I have pushed all right. I have pushed most of them right out of my life! And what a relief! They obviously have no thoughtful consideration for me. Stand up for what you believe. I believe in being compassionate to others and to myself. "Stand up for what you believe .. even if you must stand ALONE!"


MOMENTS BEFORE:
No, not even yoga could be gentle enough today!
You know what it is? It's somebody ... some idiot telling me to hurt myself! And on my bad days, I really don't need that. That's just not what I need to hear. And that's certainly not what I need to DO. And I certainly don't need any guilt trips from all their idiotic underlying accusations either.

Not everyday is a bad day. But on a very bad day .. I most certanily will NOT get up to exercise just to satisfy someone elses self-centered pleasure. I have good days, thank goodness, when I can get busy and get some things done .. maybe just a couple .. maybe a lot! And, by the way, good days are always welcome here!
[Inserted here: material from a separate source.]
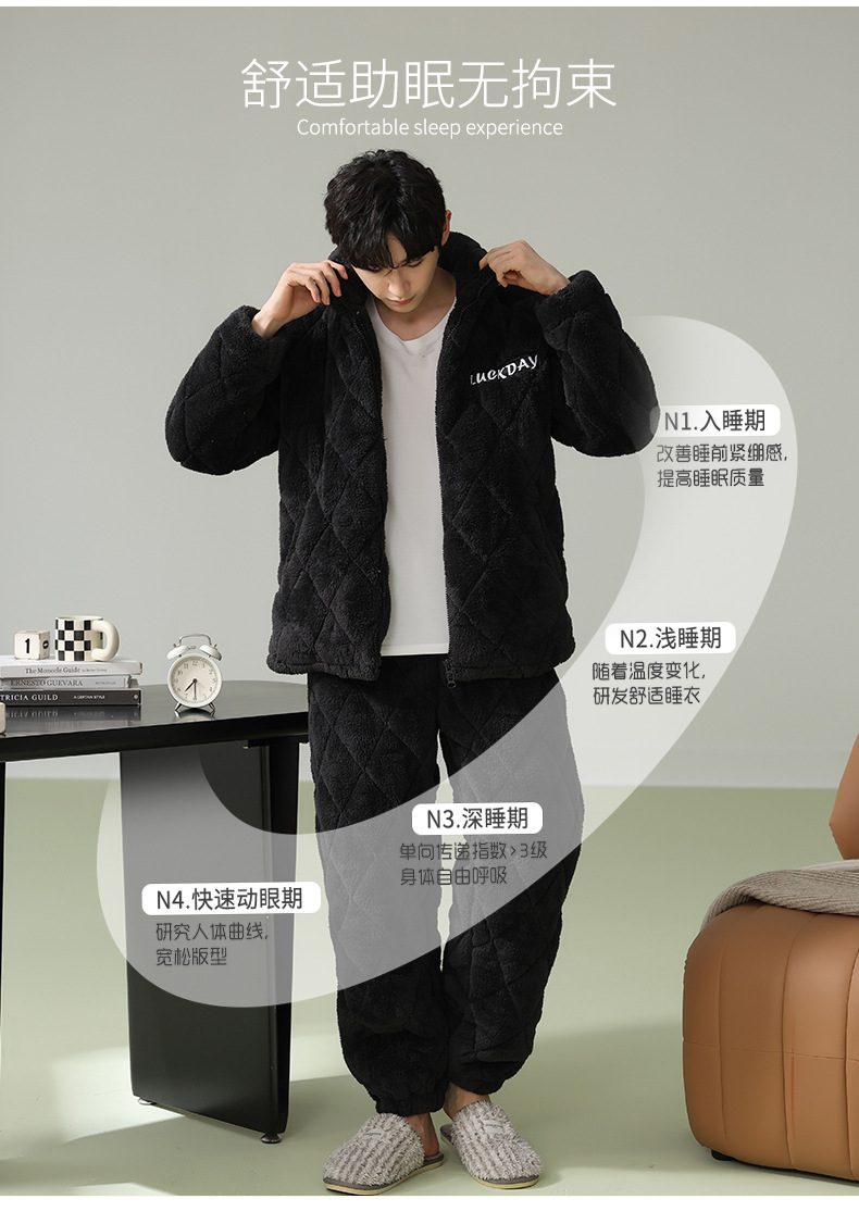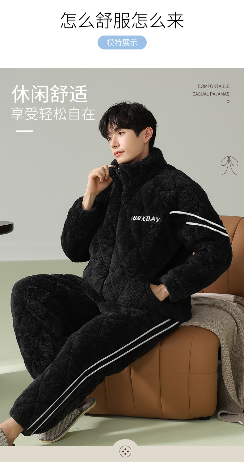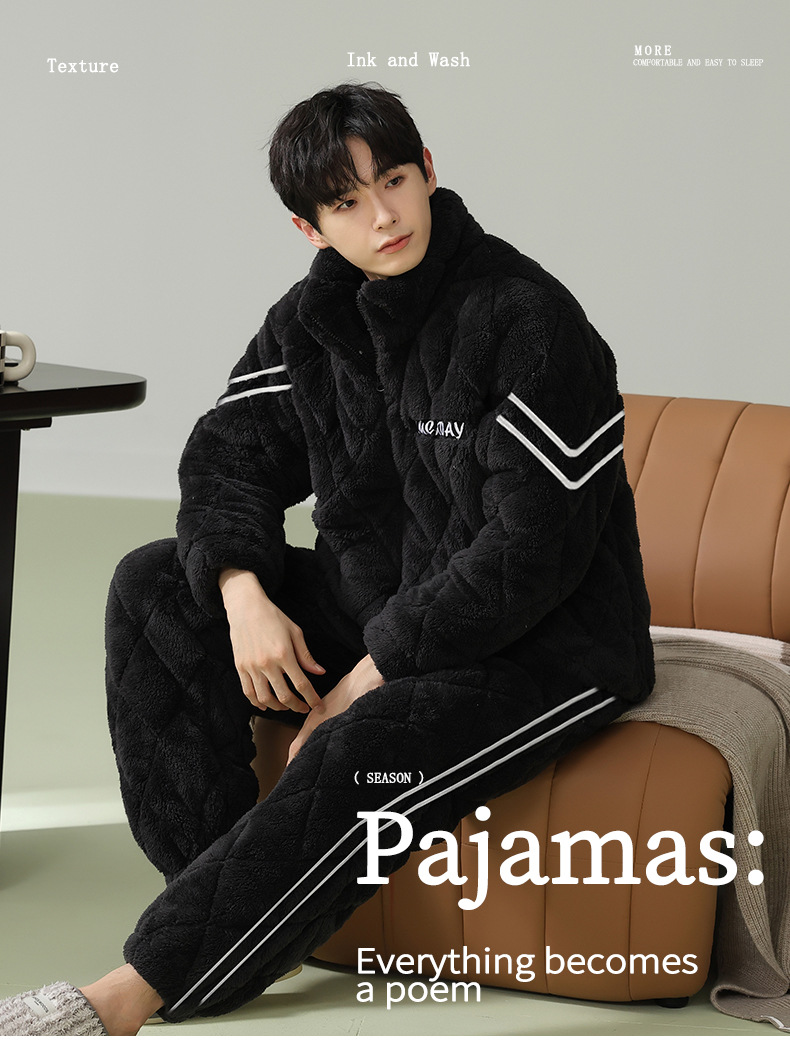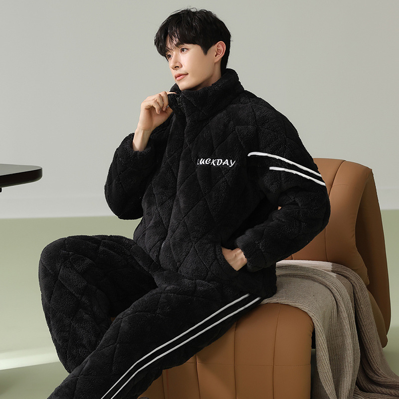 Cainiqing 3 층 두꺼운면 패딩 재킷 두꺼운 파자마 남성 겨울 지퍼 슈퍼 두꺼운 겉옷 홈웨어 세트

Usually I know what kinds of activites I can do on most days, but sometimes .. I do miscalculate my energy level .. and then I struggle, again. Sometimes I struggle with  the door, other times it is not nearly as heavy as it was the days before. That's just the way this Fibro is ..  I live with it.


I'm just coming to the DEFENSE of any fibro-mate having a bad day .. and to my own defense .. at last!.. because it seems that everybody likes to fight fbro .. and with the people who have it -- if not with their rude comments, then .. with their rude actions .. some won't even help with the door. When I know that I had better not exercise .. I don't.  And I don't let anyone else make me feel guilty about it. Their lack of considerate understanding is their flaw. After all this time, I have decided to treat myself so much better than that. Even if no one else really "gets it".

Sunday, August 29, 2010

So Alone

For years now I have felt so alone on this Fibro Journey. At the beginning hardly anyone knew what I was talking about when I'd tell them I'm in pain. I'd say, "It feels like a big, strong muscle man has placed both hands around me and is sqeezing as hard as he can". Or, "I feel like I've been run over by a truck".  I just felt so beaten and bruised all over. I've been searching online, in newspapers, everywhere, looking for others who might be feeling this way .. others who might be able to help me find the words that might best describe this to my loved ones. Now, I have finally found  places where other fibro people describe what it's like to have fibromyalgia. Sometimes, they sound so much like me. Yes, I am finally finding others who really know what I am going through. And I don't feel so alone anymore.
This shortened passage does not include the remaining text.